Something as simple as flipping a light switch or warming your home on cold nights like tonight is in jeopardy. Exelon’s Quad Cities Generating Station in...

Something as simple as flipping a light switch or warming your home on cold nights like tonight is in jeopardy.

Exelon's Quad Cities Generating Station in Cordova, Illinois is at the center of a conversation in Springfield right now.

"The state of Illinois is really in a historic position to establish an energy policy that recognizes carbon-free and renewable energy for the future generation in the state of Illinois," said Bill Stoermer, Communications Manager for Exelon.

Last week, Stoermer said legislators introduced one possible policy that Exelon thinks is the right solution, called the Low Carbon Portfolio Standard.

"It’s a market-based solution for Illinois," he explained. "It protects the consumer and the cost that they’ll pay for electricity and it really solidifies Illinois as the largest producer of carbon-free energy in the nation and solidifies that for a long period of time as well as setting the highest standard for carbon-free electricity in the nation."

That policy is based on a report recently prepared at the request of the Illinois General Assembly that found Illinois would lose nearly 8,000 jobs and $1.8 billion in annual economic activity if just three nuclear plants closed their doors. The study looked at different alternatives to "ensure that nuclear power plants can remain viable, that the market is fair and equable for all the people who produce energy and that we can continue operations here for the long term," said Stoermer.

On Wednesday, March 4th, 2015, a bipartisan coalition of the Illinois Congressional Delegation - that includes U.S. Congresswoman Cheri Bustos - sent a letter to Governor Bruce Rauner as well as leaders of the Illinois Senate and House "urging them to consider legislative solution that would allow Illinois' nuclear plants to continue to operate." To read the letter, click here.

Under the policy supported by Exelon, residential customers would pay around $2 more a month. Those against the policy are challenging it, saying it's a bailout.

"Exelon made more than $2 billion last year, and here they are begging for a bailout on the backs of working Illinoisans," said Bob Gallo, AARP Illinois State Director. "This bill would increase rates for older adults living on fixed incomes, working families and small businesses in order to pad Exelon's profits. We will work on behalf of our 1.7 million Illinois members to urge legislators to vote 'no" on this bill."

Stoermer says Exelon is not looking for a bailout, but a "fair and equable way to bid into the market to sell the product that we believe is the most reliable and cleanest electricity produced in the state of Illinois."

Stoermer says there are three plants - including the Quad Cities Generating Station - that have been economically challenged by the current energy policies and the current way energy is sold in Illinois.

"If you look specifically at Quad Cities... you’re getting power outside the state that is coming through switch yards," he explained. "All of the power that’s produced in Iowa that comes across the state of Illinois comes through the switch yard in Cordova, so that causes congestion on the switch yard."

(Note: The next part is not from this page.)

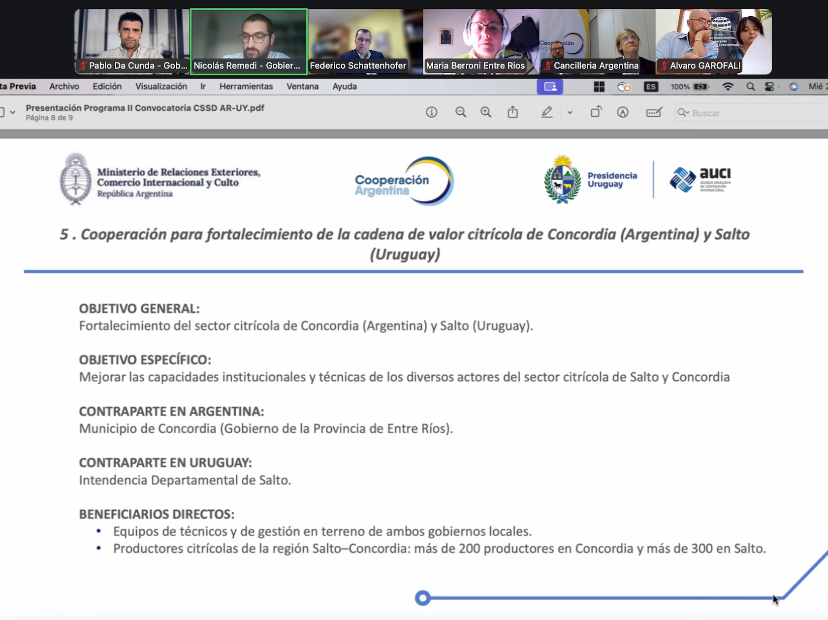 El Gobierno de Salto presentó ante la Agencia Uruguaya de Cooperación Internacional (AUCI) y Cooperación Argentina el proyecto de cooperación descentralizada que fue seleccionado para su implementación junto al Gobierno de Entre Ríos, la Municipalidad de Concordia y distintos actores institucionales de la región.

"The grid operators have to alleviate that congestion to ensure that the consumers continue to get electricity, so they put in what they call a 'negative pricing' which reduces the projects to the point sometimes where we’re operating at a negative balance for the power that we produce," he continued. "Once we put the nuclear plant online we want to to run that at full power for the entire operating cycle. We don’t want to cycle the unit which could challenge the equipment or challenge the plant, so at times we’re forced to operate this plant at a loss because we want to maintain the high level."

"Last year, we produced energy at 94.5% of the time, which is by far the most reliable source of electricity not only in Illinois, but across America."

Exelon's Quad Cities Generating Station also has a big economic impact on the area. Stoermer says in 2014 alone, the Quad Cities Station "directly and indirectly pumped nearly $1.4 billion into the Illinois economy, including more than $7 million paid in Rock Island County property taxes."